Par ailleurs (exils), Linda Lê
Par ailleurs (exils), août 2014, 168 p. 13 €
Ecrivain(s): Linda Lê Edition: Christian Bourgois
Quel peut être le rôle de l’exil, du déracinement dans la vision du monde d’un écrivain ? Frein, déclin ou ressourcement ?
Dans un essai intitulé Par ailleurs (Exils), Linda Lê aborde cette question en évoquant tour à tour le sort d’écrivains en dissidence, exilés de l’intérieur ou contraints au départ physique. Elle y évoque également le cas de ceux qui ont changé de langue pour écrire et s’approprier ainsi un nouvel univers intellectuel autant que linguistique. La conduite d’un exilé, apprend-on, doit éviter de nombreux écueils : Edward Saïd met en garde de tomber dans « le narcissisme masochiste » et de ne pas faire de l’exil un « fétiche, une pratique qui l’éloigne de tout rapprochement ou engagement ».

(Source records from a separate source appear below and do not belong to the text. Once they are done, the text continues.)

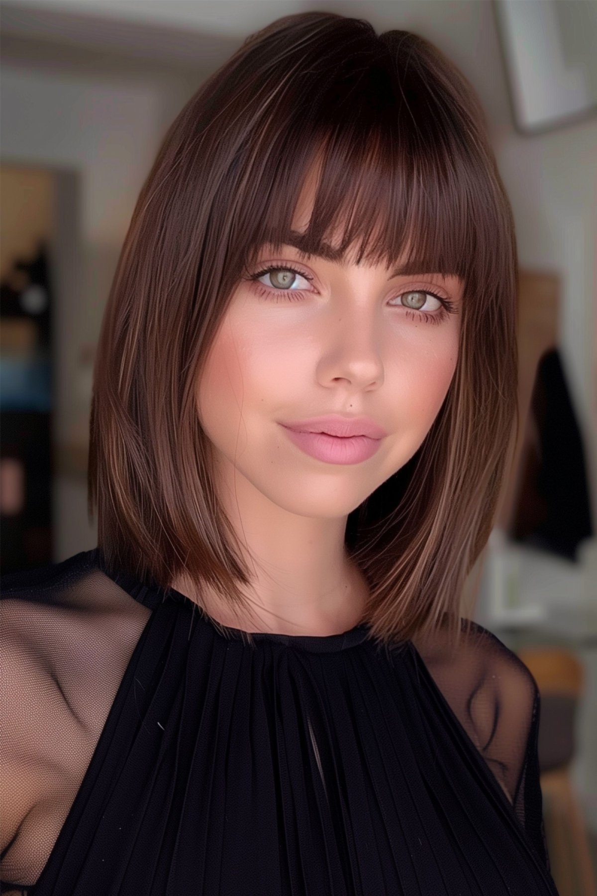 Bangs paired with shoulder blunt bob can elevate your sensuousness. A shoulder-length bob typically has a straight edge. This is ultra-modern and is the perfect option to frame your face. If you have a wide forehead or wrinkles on the forehead, go for it.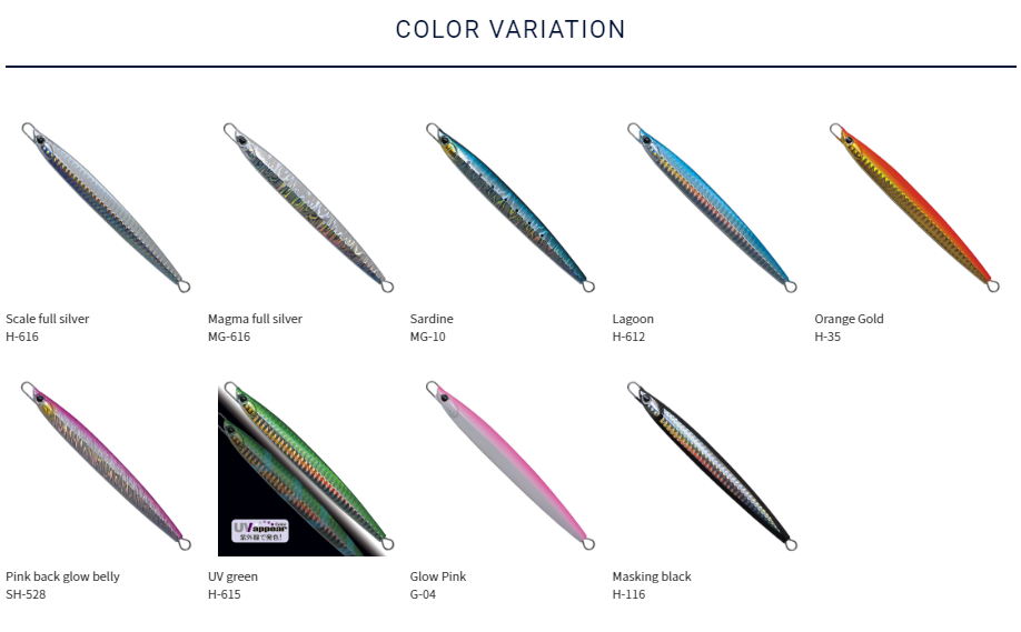 Jigaro Massive has been designed with a compact body that is downsized by about 22% compared to the total length of normal Jigaro. It has a excellent response to rod work and the slide action produced by it are the high-dimensionality of the Jigaro family. By achieving stable flight distance even under adverse wind conditions and tight control of tidal currents, it enables new tactics for the capture of fields that have been attacked until now. At the same time, a small silhouette becomes a trump card for a cunning target that exclusively consumes a small bait represented by sardines.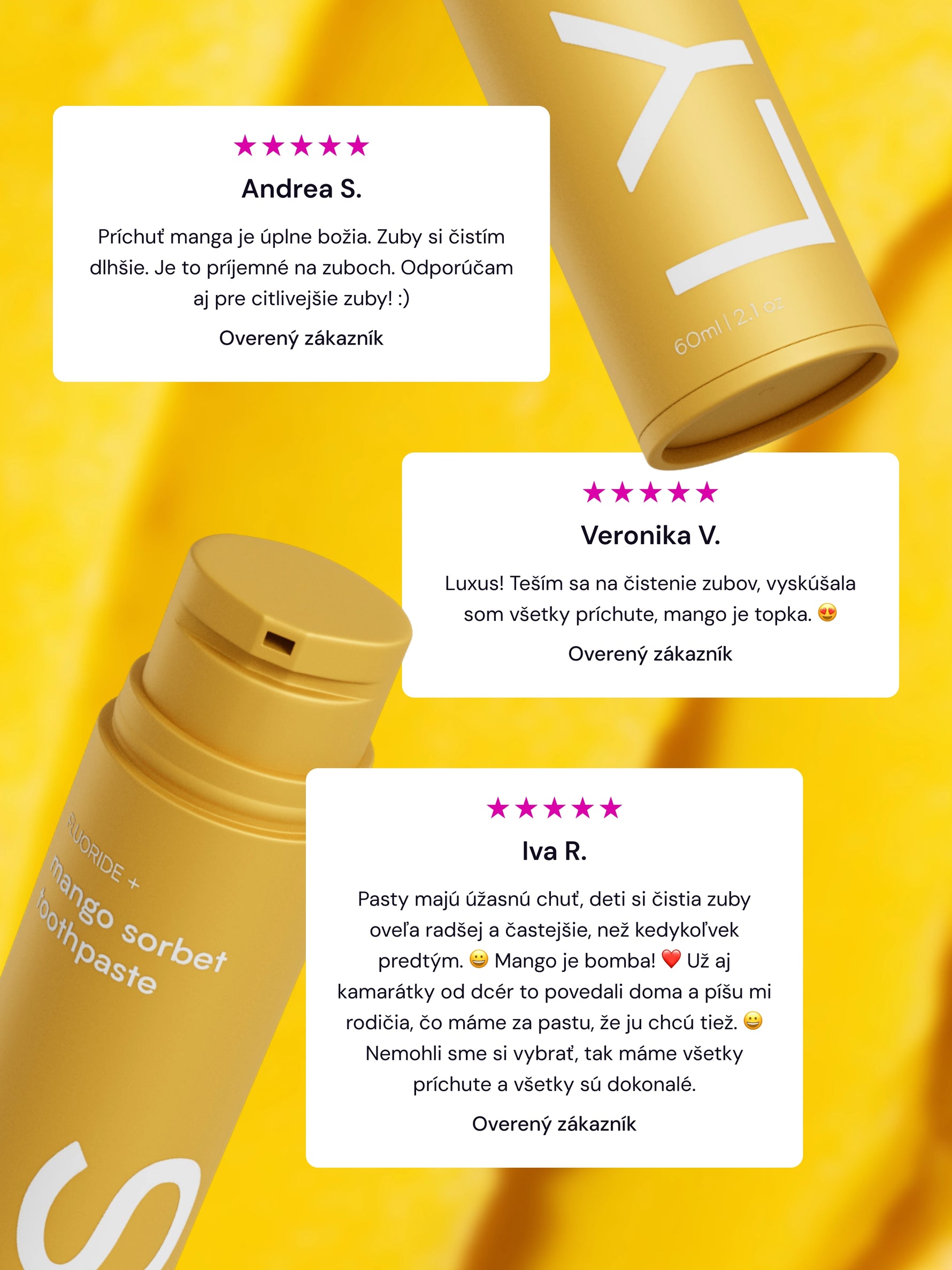 Dopraj si tropické osvieženie s mangovým sorbetom. Naša pasta na zuby zložená zo starostlivo vybraných ingrediencií ti dodá chuť užívať si aj tú najbežnejšiu rutinu.

Sur ce qui déclenche l’exil, comme sentiment intérieur, Linda Lê cite avec grande pertinence André Gide qui avait en son temps mené bataille contre les liaisons dangereuses entre nationalisme et littérature. Il répondit que la France devait beaucoup « à un confluent de races » et que les grands artistes étaient « les produits d’hybridations et le résultat de déracinements, de transplantations ». Un autre exilé des lettres, Klaus Mann, vit dans l’exil un aiguillon, il se définissait comme « un cosmopolite d’instinct », « toujours inquiet, toujours en quête ».

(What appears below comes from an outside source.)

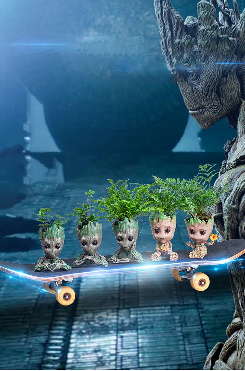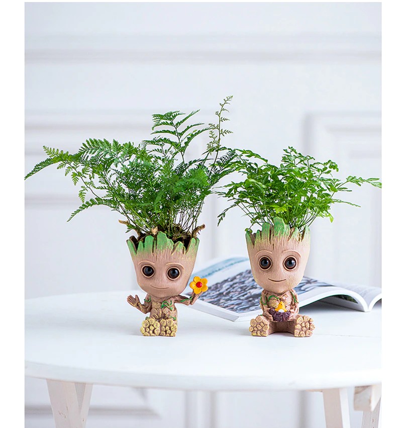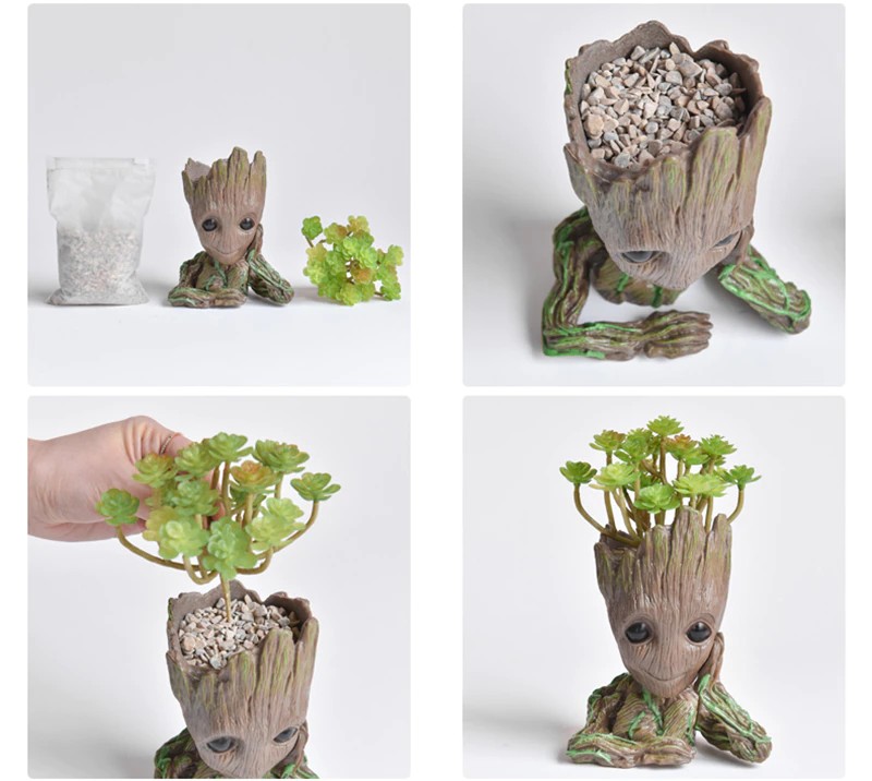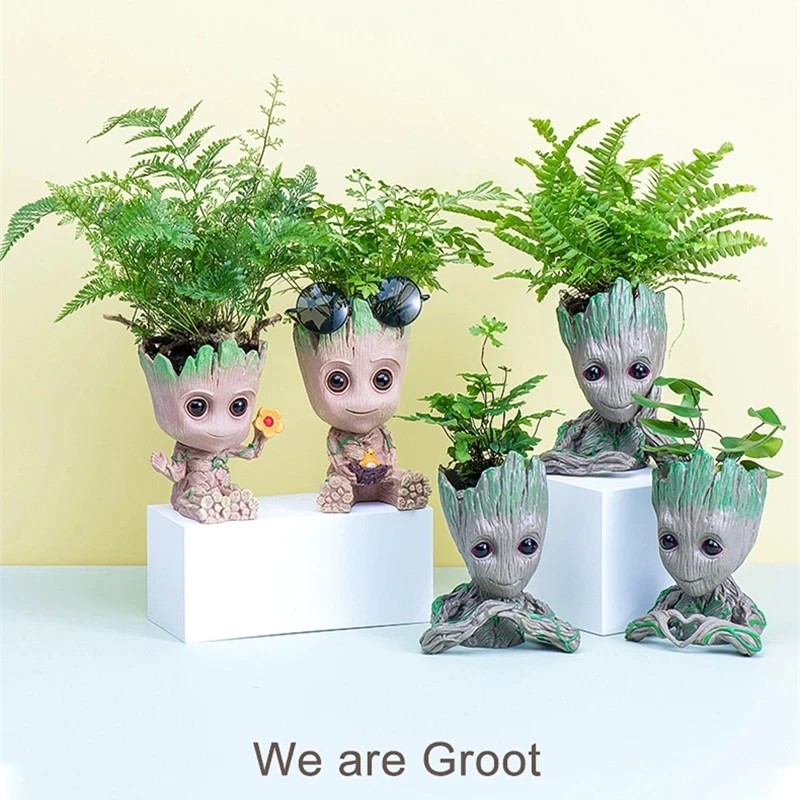 Bebê Groot Bonito Vaso De Flores Suculentas Vasos De Flores Por Atacado Estatuetas De Plástico Decoração Caneta Titular Brinquedos Ornamentos Para Casa Jardim

On le voit, cette situation de l’exil est loin d’avoir des conséquences identiques sur les destins de ces écrivains. Imre Kertész, dont l’œuvre est habitée par la Shoah, voit dans l’exil « une grandeur amère ». Le royaume qu’il cherche est juste « un endroit habitable ». Il y a dans cet essai beaucoup d’autres cas cités, tous significatifs et riches d’enseignement sur le rôle de l’exil dans la littérature. Ils nous donnent des indications très précieuses sur l’élaboration de l’écriture dans ce genre de circonstances. Elle peut, selon Maurice Maeterlinck, faire grandir des errants qui ont soif d’espaces et ne grandissent que dans la mesure où « ils cultivent les mystères qui les accablent ».

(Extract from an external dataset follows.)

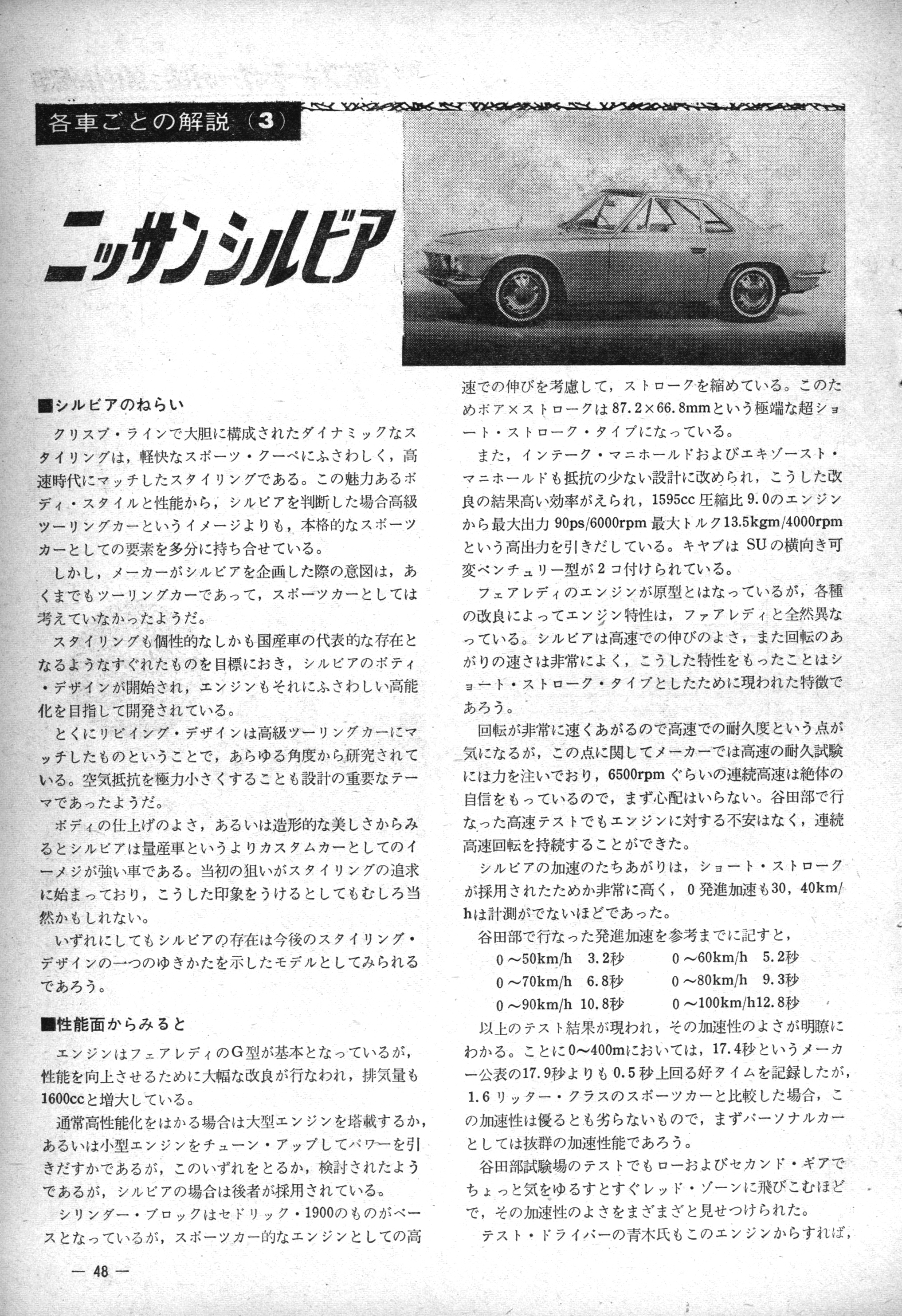 I brought this a pages cut out of a magazine from a Japanese book store, and do not know which magazine it came from. It is around the launch of the Silvia, as they are talking about the R16 engine, rather than the G series, which was in the pre-launch cars.

Un dernier rôle peut être assigné à l’écrivain, celui de l’éternel Cassandre. Cela pourrait, selon Linda Lê, s’appliquer à la situation de Marina Tsvetaeva, dont la devise était « Seule contre tous », poétesse de « l’éternelle vaillance », selon le mot de Boris Pasternak.
Ce livre fera comprendre grâce à ces multiples allusions, citations, exemples de situations les plus diverses, ce que produit l’exil dans une œuvre littéraire. Eclairant, attrayant, éloquent.